[RAW DATA — start]

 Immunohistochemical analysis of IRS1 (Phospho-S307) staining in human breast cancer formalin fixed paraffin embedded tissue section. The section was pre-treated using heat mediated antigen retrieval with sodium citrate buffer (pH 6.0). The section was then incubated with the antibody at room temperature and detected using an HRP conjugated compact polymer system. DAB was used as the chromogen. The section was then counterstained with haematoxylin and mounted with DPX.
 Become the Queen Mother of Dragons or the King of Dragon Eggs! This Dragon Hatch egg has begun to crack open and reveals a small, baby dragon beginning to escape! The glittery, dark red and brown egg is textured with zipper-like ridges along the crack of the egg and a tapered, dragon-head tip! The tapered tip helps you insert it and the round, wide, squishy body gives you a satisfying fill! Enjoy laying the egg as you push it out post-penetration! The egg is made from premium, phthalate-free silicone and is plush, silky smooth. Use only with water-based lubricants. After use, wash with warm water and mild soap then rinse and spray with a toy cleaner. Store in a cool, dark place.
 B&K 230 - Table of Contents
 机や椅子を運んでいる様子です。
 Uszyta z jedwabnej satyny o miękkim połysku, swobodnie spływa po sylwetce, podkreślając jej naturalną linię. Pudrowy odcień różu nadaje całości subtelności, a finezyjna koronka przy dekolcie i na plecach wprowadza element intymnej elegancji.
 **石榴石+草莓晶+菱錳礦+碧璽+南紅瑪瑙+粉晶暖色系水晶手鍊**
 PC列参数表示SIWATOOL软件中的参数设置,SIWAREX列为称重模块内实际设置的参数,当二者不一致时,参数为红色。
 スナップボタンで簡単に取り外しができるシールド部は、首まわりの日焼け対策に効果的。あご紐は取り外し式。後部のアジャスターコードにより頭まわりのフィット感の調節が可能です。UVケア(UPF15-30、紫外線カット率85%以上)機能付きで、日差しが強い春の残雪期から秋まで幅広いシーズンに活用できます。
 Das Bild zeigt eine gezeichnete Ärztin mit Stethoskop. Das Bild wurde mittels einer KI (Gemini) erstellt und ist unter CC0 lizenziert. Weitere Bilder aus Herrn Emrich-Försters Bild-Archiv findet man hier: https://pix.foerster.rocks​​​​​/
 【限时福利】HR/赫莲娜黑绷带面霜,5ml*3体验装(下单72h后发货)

[RAW DATA — finish]

• _ASSIGNMENT_: Each record above, from first to last, should be written out again exactly.

• _TASK RESULT_:
 Immunohistochemical analysis of IRS1 (Phospho-S307) staining in human breast cancer formalin fixed paraffin embedded tissue section. The section was pre-treated using heat mediated antigen retrieval with sodium citrate buffer (pH 6.0). The section was then incubated with the antibody at room temperature and detected using an HRP conjugated compact polymer system. DAB was used as the chromogen. The section was then counterstained with haematoxylin and mounted with DPX.
 Become the Queen Mother of Dragons or the King of Dragon Eggs! This Dragon Hatch egg has begun to crack open and reveals a small, baby dragon beginning to escape! The glittery, dark red and brown egg is textured with zipper-like ridges along the crack of the egg and a tapered, dragon-head tip! The tapered tip helps you insert it and the round, wide, squishy body gives you a satisfying fill! Enjoy laying the egg as you push it out post-penetration! The egg is made from premium, phthalate-free silicone and is plush, silky smooth. Use only with water-based lubricants. After use, wash with warm water and mild soap then rinse and spray with a toy cleaner. Store in a cool, dark place.
 B&K 230 - Table of Contents
 机や椅子を運んでいる様子です。
 Uszyta z jedwabnej satyny o miękkim połysku, swobodnie spływa po sylwetce, podkreślając jej naturalną linię. Pudrowy odcień różu nadaje całości subtelności, a finezyjna koronka przy dekolcie i na plecach wprowadza element intymnej elegancji.
 **石榴石+草莓晶+菱錳礦+碧璽+南紅瑪瑙+粉晶暖色系水晶手鍊**
 PC列参数表示SIWATOOL软件中的参数设置,SIWAREX列为称重模块内实际设置的参数,当二者不一致时,参数为红色。
 スナップボタンで簡単に取り外しができるシールド部は、首まわりの日焼け対策に効果的。あご紐は取り外し式。後部のアジャスターコードにより頭まわりのフィット感の調節が可能です。UVケア(UPF15-30、紫外線カット率85%以上)機能付きで、日差しが強い春の残雪期から秋まで幅広いシーズンに活用できます。
 Das Bild zeigt eine gezeichnete Ärztin mit Stethoskop. Das Bild wurde mittels einer KI (Gemini) erstellt und ist unter CC0 lizenziert. Weitere Bilder aus Herrn Emrich-Försters Bild-Archiv findet man hier: https://pix.foerster.rocks​​​​​/
 【限时福利】HR/赫莲娜黑绷带面霜,5ml*3体验装(下单72h后发货)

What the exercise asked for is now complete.